#### [Work required]
Return the material exactly, first line through the line containing "Par exemple, voici", and nothing more. Pictures stay out.

#### [Data extract]
○ ○ ○ ○ ○ ○ ○

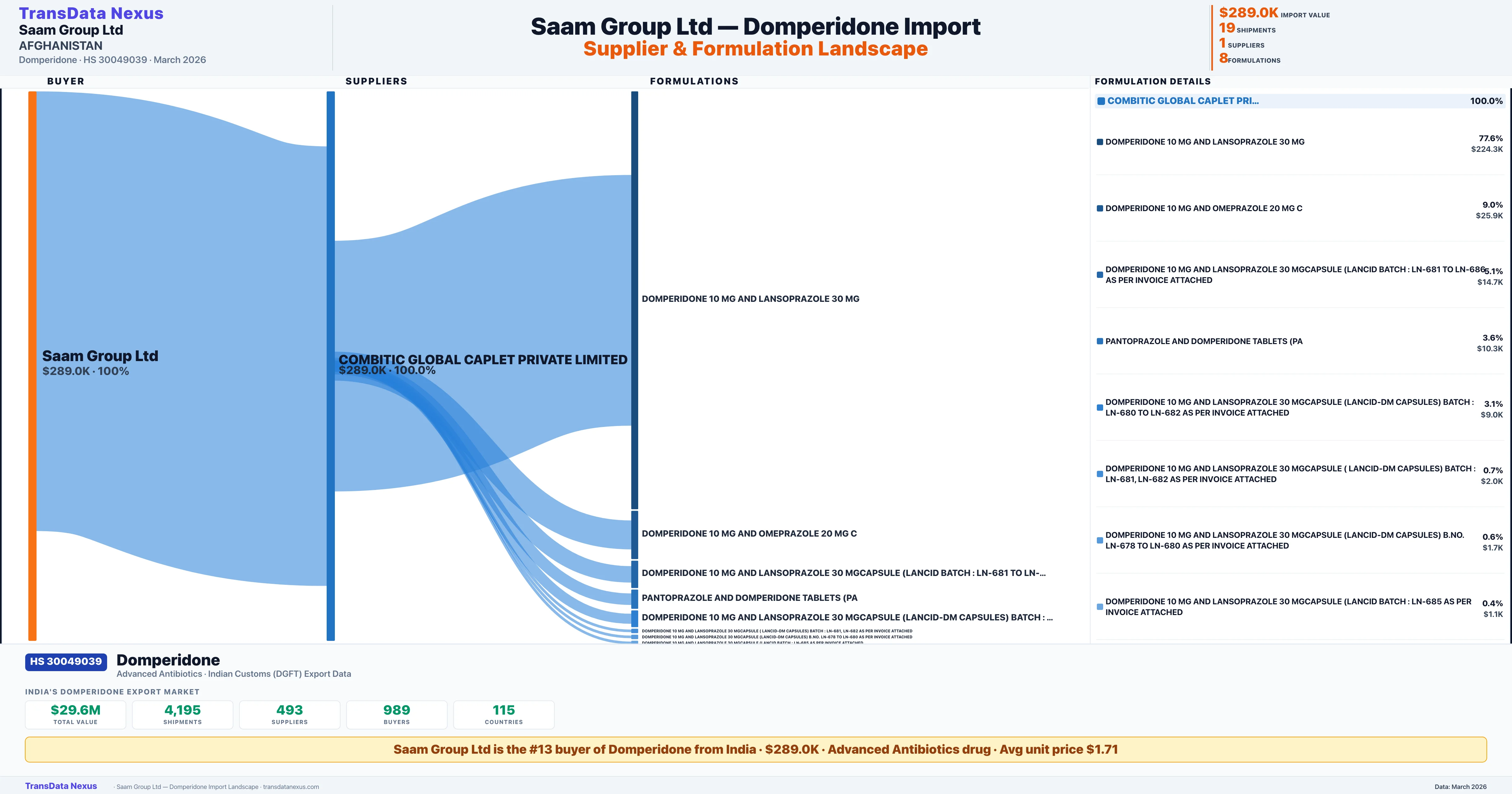 SAAM GROUP LTD. sources Domperidone from 1 verified Indian supplier: COMBITIC GLOBAL CAPLET PRIVATE LIMITED ($289.0K, 100.0%). This is based on 19 customs records.
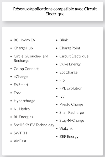 Par exemple, voici les réseaux compatibles avec le Circuit électrique. À l’aide de votre carte de membre ou de votre application mobile du Circuit électrique, il sera donc possible de démarrer et de payer les recharges sur ces réseaux.
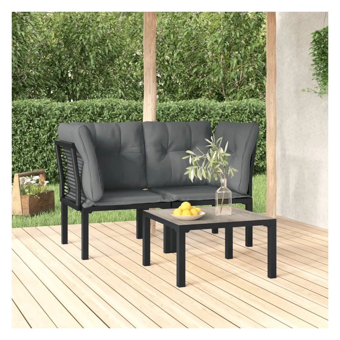 Cet ensemble de salon de jardin tendance, au design élégant et contemporain, est un choix parfait pour vous détendre dans votre jardin. Matériau résistant aux intempéries : la résine tressée, également connue sous le nom de rotin poly, résiste aux intempéries et est facile à nettoyer. Elle reste belle à l'extérieur pendant une longue période. Elle offre une excellente qualité, commodité et un aspect esthétique. Cadre robuste et stable : le cadre en acier enduit de poudre de l'ensemble de salon garantit la robustesse et la stabilité. Expérience d'assise confortable : le dossier ajoute un confort d'assise supplémentaire au canapé de jardin. De plus, les coussins bien rembourrés offrent du confort pendant votre temps d'assise.Conception modulaire : le salon d'extérieur est flexible et facile à déplacer, vous pouvez donc le combiner avec d'autres segments modulaires dans la boutique en ligne pour créer vos propres configurations d'ensemble de salon de jardin !Table pratique : le dessus robuste de la table basse de jardin est parfait pour placer des repas, des boissons et d'autres objets décoratifs. Bon à savoir :Pour faciliter au maximum le montage, chaque produit est livré avec des instructions.Remarque :Pour que vos meubles d'extérieur restent beaux, nous vous recommandons de les protéger avec une housse imperméable.
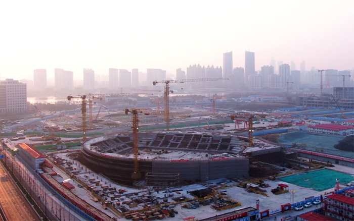 該項(xiàng)目造型獨(dú)特,主賽場(chǎng)區(qū)域結(jié)構(gòu)復(fù)雜,同時(shí)采用大量的曲線設(shè)計(jì),給現(xiàn)場(chǎng)鋼筋、水泥預(yù)制件的制作與安裝帶來了巨大挑戰(zhàn),也對(duì)塔機(jī)的綜合性能提出極高要求。

○ ○ ○ ○ ○ ○ ○

#### [The answer]
 SAAM GROUP LTD. sources Domperidone from 1 verified Indian supplier: COMBITIC GLOBAL CAPLET PRIVATE LIMITED ($289.0K, 100.0%). This is based on 19 customs records.
 Par exemple, voici les réseaux compatibles avec le Circuit électrique. À l’aide de votre carte de membre ou de votre application mobile du Circuit électrique, il sera donc possible de démarrer et de payer les recharges sur ces réseaux.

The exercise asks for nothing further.